Input material ▸
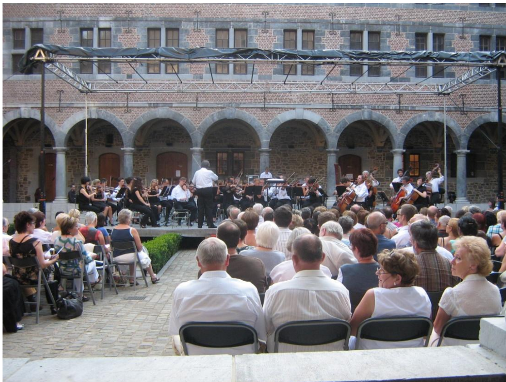
Concert de l'OPRL - juillet 2010.

Plus d'infos: www.oprl.be/concert-details/LOrchestre_lete_SAINTE_SAENS.html
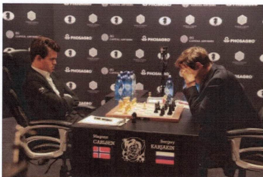
VM-kombattanterna Carlsen och Karjakin.
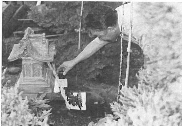
ミグニチ 大崎市古川米倉

家で行う稲の収穫行事は9月になってから行われる。9月の9日、19日、29日の3回の9のつく日は「ミグニチ」といって、稲の収穫を屋敷神(家の氏神・お明神さま)に感謝する日である。栗原市栗駒ではこれを「お駒精進講 こましようじんこう (栗駒山の神に収穫を感謝する講)」・

Task instructions ▸ Except for the pictures, set down each line of the records exactly as it appears.

The answer ▸
Concert de l'OPRL - juillet 2010.

Plus d'infos: www.oprl.be/concert-details/LOrchestre_lete_SAINTE_SAENS.html
VM-kombattanterna Carlsen och Karjakin.
ミグニチ 大崎市古川米倉

家で行う稲の収穫行事は9月になってから行われる。9月の9日、19日、29日の3回の9のつく日は「ミグニチ」といって、稲の収穫を屋敷神(家の氏神・お明神さま)に感謝する日である。栗原市栗駒ではこれを「お駒精進講 こましようじんこう (栗駒山の神に収穫を感謝する講)」・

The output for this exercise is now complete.